## EXERCISE DETAILS
Search the listing below for the line containing "5つのグループに分かれて、竹とんぼ、こま、おはじき、お手玉、あやとり、けん玉を". From there through the line containing "Aj napriek celej", transcribe every line exactly, both ends included.

## EXTRACTED DATA
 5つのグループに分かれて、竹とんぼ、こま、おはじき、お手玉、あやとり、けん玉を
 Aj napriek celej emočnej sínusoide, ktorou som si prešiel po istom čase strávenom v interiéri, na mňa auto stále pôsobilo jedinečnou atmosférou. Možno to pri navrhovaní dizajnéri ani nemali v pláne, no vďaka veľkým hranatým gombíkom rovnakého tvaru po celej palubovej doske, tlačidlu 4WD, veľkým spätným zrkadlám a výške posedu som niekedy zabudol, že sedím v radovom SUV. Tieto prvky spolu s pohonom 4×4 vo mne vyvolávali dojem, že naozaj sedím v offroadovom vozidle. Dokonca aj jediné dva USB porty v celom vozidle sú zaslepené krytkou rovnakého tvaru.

* * *

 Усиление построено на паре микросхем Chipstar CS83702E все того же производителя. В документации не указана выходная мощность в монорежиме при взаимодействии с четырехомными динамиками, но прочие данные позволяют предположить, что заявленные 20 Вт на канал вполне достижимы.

---

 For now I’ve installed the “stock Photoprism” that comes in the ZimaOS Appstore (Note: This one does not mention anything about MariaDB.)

## OUTPUT OF THE EXERCISE
 5つのグループに分かれて、竹とんぼ、こま、おはじき、お手玉、あやとり、けん玉を
 Aj napriek celej emočnej sínusoide, ktorou som si prešiel po istom čase strávenom v interiéri, na mňa auto stále pôsobilo jedinečnou atmosférou. Možno to pri navrhovaní dizajnéri ani nemali v pláne, no vďaka veľkým hranatým gombíkom rovnakého tvaru po celej palubovej doske, tlačidlu 4WD, veľkým spätným zrkadlám a výške posedu som niekedy zabudol, že sedím v radovom SUV. Tieto prvky spolu s pohonom 4×4 vo mne vyvolávali dojem, že naozaj sedím v offroadovom vozidle. Dokonca aj jediné dva USB porty v celom vozidle sú zaslepené krytkou rovnakého tvaru.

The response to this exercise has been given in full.